DE AUTORIDADES E ABUSOS:

É fato: a responsabilização criminal de juízes já existe, seja no Código Penal, seja na Lei de abuso de autoridade há 50 anos em vigor (Lei 4.898/65). O que se pretende agora (mesmo que alguns dentre eles não se deem conta) eh a criação de tipos penais funcionais, alegadamente para maior controle sobre o sistema de justiça em geral.

Em relação à magistratura, vejamos quais as novidades propostas no Congresso Nacional depois desses 50 anos de criminalização de eventuais abusos de agentes públicos.

Num dos projetos em votação as alterações em discussão tem como motivação: 1) a condução coercitiva e o vazamento de áudio de um ex-presidente da República; 2) episódio envolvendo detenção provisória em local inapropriado. Ha proposta de criação de tipos penais específicos para as hipóteses - em aparente casuísmo - e também de tipos penais abertos.
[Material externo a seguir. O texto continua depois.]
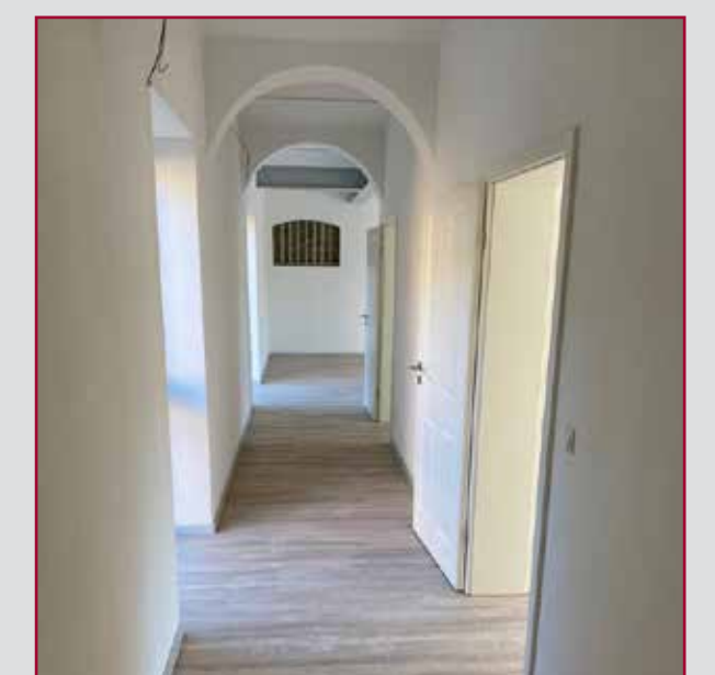
Corridor in the „Old Prison“ before and after the conversion in 2021
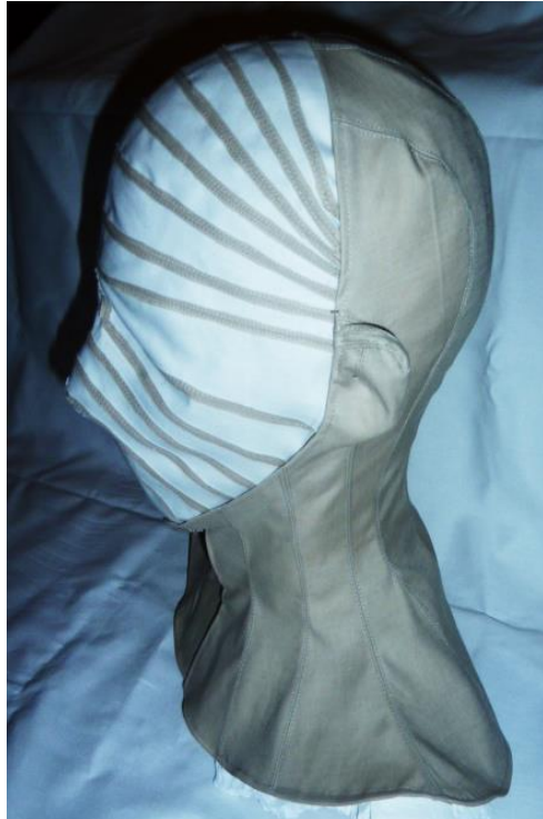
Figure 14. A side view of the head and face mask, positioned in the middle of the table at the pattern cutting symposium, 2013.

them. The overall impression gained was how fascinated people were, with the methods used and their results. Many of the delegates asked whether there was a publication or blog regarding the method and a number asked if the authors would be interested in running workshops.
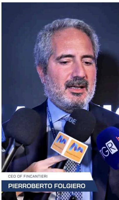
CEO OF FINCANTIERI
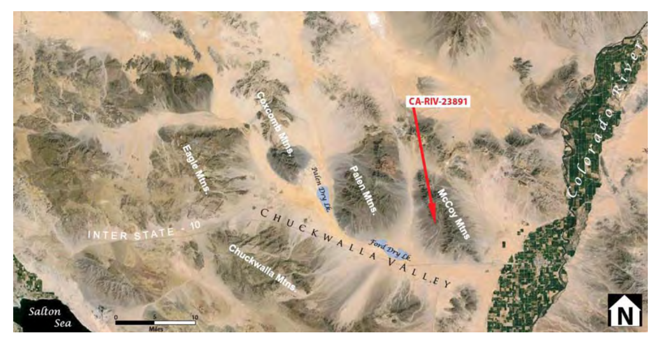
Figure 2. Map aerial image, from Google Earth 2014.

The point has no apparent edge grinding. Rondeau concluded that while this specimen is clearly a reworked fluted point, its reflaked and fragmentary condition make its placement as a Clovis-like specimen or possibly as a post-Clovis fluted point unclear. In spite of such uncertainties, it adds additional data to the information base of the CalFLUTED project and the study of fluted points in the Far West.
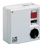
SCNRL5 UNIF. X NK SOFFITTO Code 12957
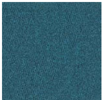
FL 16 Katavi
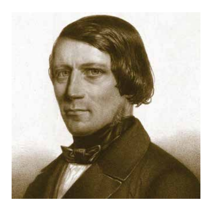
Figure 1. Ferdinand von Arlt (1812–1887) at the age of about 40 (Lithograph by Moritz Golde, printed in the studio of Franz Hanfstaengl in Dresden)
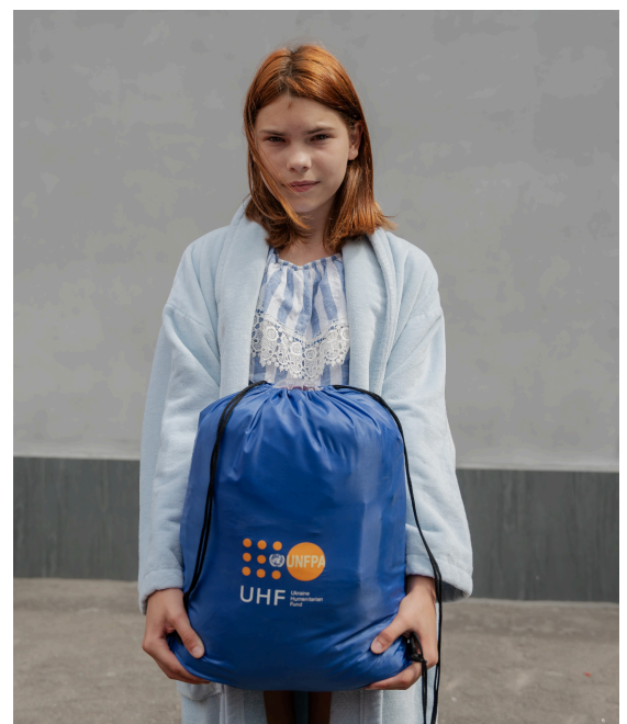
Kherson-Kakhovka Dam, Ukraine.

The ongoing humanitarian crisis in Ukraine also calls for integrated recovery and development support, focusing on vulnerable and remote areas. UNFPA's collaboration with the Government in Ukraine and those in neighbouring countries and international and national civil society organizations is key to delivering life-saving GBV and SRH services, achieving universal health coverage and developing national GBV services networks. UNFPA's need for flexible, long-term funding is also critical to fostering demographic resilience.
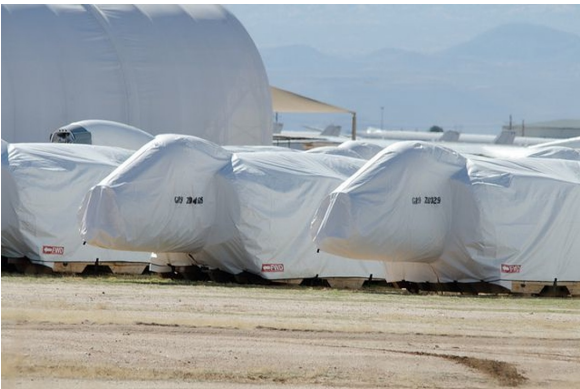
GR-7/9 FULL FUSELAGE COVER , NSN's: 1730-01-600-4557 GR-7/9 FULL FUSELAGE COVER , NSN's: 1730-01-600-4557 & 1730-01-600-6757, single seat
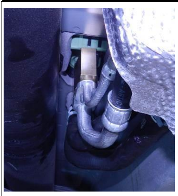
Figure 13. Location of rear air conditioning unit expansion valve.

23. Remove rear expansion valve and install VAS6338/38 as shown (Figure 13).
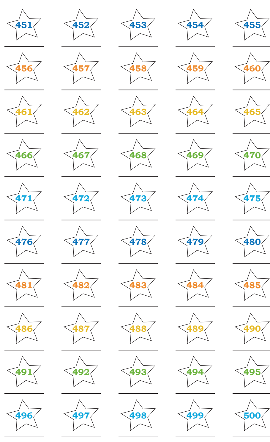
Congratulations! You're halfway to the 1000 book goal! Come into the library for a special prize and your next reading log.
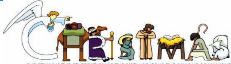
CHRISTMAS IS THE CELEBRATION OF THE BIRTH OF JESUS, THE SAVIOUR OF MANKIND
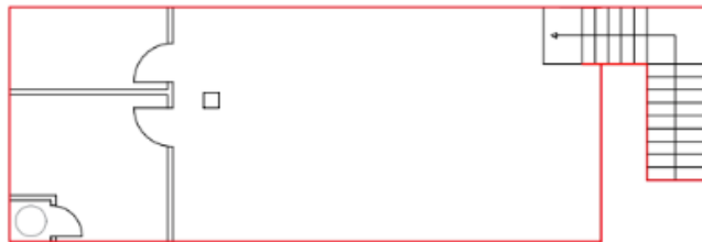
FIRST FLOOR LAYOUT 1:50
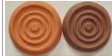
(C/06 Ox. left, C/2 Ox. right)
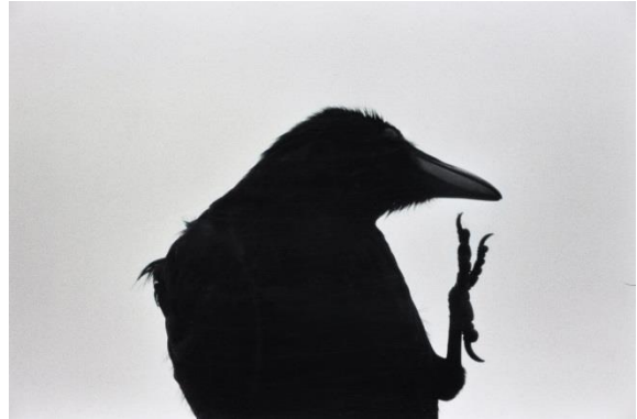
Masahisa Fukase 襟裳岬 [Erimo Misaki] Cape Erimo from 鴉 [Karasu] Ravens , 1976 Estimate £15,000 - 25,000

The cover lot of the sale is Masahisa Fukase's iconic image of a lone raven in profile from his seminal series Ravens . This powerfully evocative image, which can be read as a self-portrait, is blind-stamped on the cover of his 1986 photobook Ravens and is the first image reproduced. The British Journal of Photography selected Fukase's Ravens as the best photobook published between 1986 and 2009. This work is one of only two known extant large-format exhibition prints made by Fukase of this image; the other print, held at the Philadelphia Museum of Art, is signed in pencil on the verso and similar in print date and size.
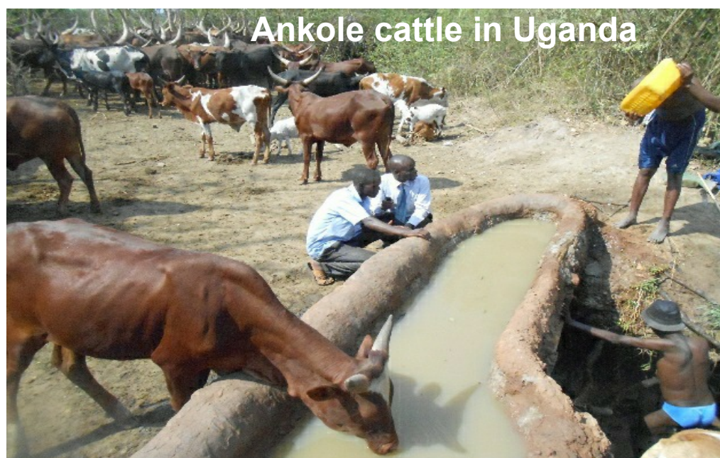
Ankole cattle in Uganda

indigenous livestock breeds. She also took part, along with a PENHA representative from Somaliland, in two meetings of the African Union in Kampala on how to make operational the AU's policy framework on pastoralism. She also wrote articles and gave radio interviews on the importance of biodiversity in livestock development.
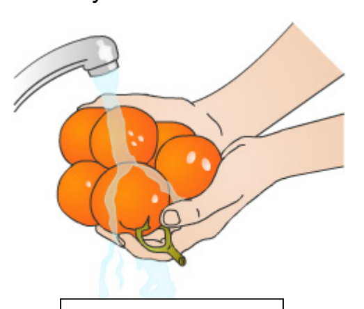
Wash Fruits and Vegetables

A solução proposta pela outra casa do Congresso Nacional, em outro projeto de lei, consiste em: 1) ressuscitar o crime de hermenêutica há mais de 100 anos banido do ordenamento jurídico; 2) criar tipos culposos abertos; 3) tornar crime as faltas disciplinares previstas na Lei Orgânica da Magistratura. O que no último caso curiosamente pode levar a uma ação penal o juiz que, por exemplo, beba em público (obs: no Código Penal Militar, único a prever o tipo, constitui crime beber EM SERVIÇO). Ou seja, não se vê, também, maior técnica legislativa.

Não há dúvida de que pode, sim, haver debates no Parlamento a respeito, mas por imposição constitucional estes deveriam ser mais qualificados que o que estamos a assistir. Afinal, toda a atividade legislativa tem como fundamento o aperfeiçoamento das instituições, intenção esta que não se pode restringir a debate sobre remuneração de categorias funcionais (que, nas circunstâncias, cheira a desonestidade intelectual) e nem pode ter como móvel qualquer tipo de pessoalidade, pena de nulidade.

Espera-se que o bom senso prevaleça para espancar de vez qualquer suspeita de que uma proposta legislativa possa ter como objetivo o "jogar para a plateia", seja esta formada pelo público (seu) eleitor, seja a formada por aliados políticos.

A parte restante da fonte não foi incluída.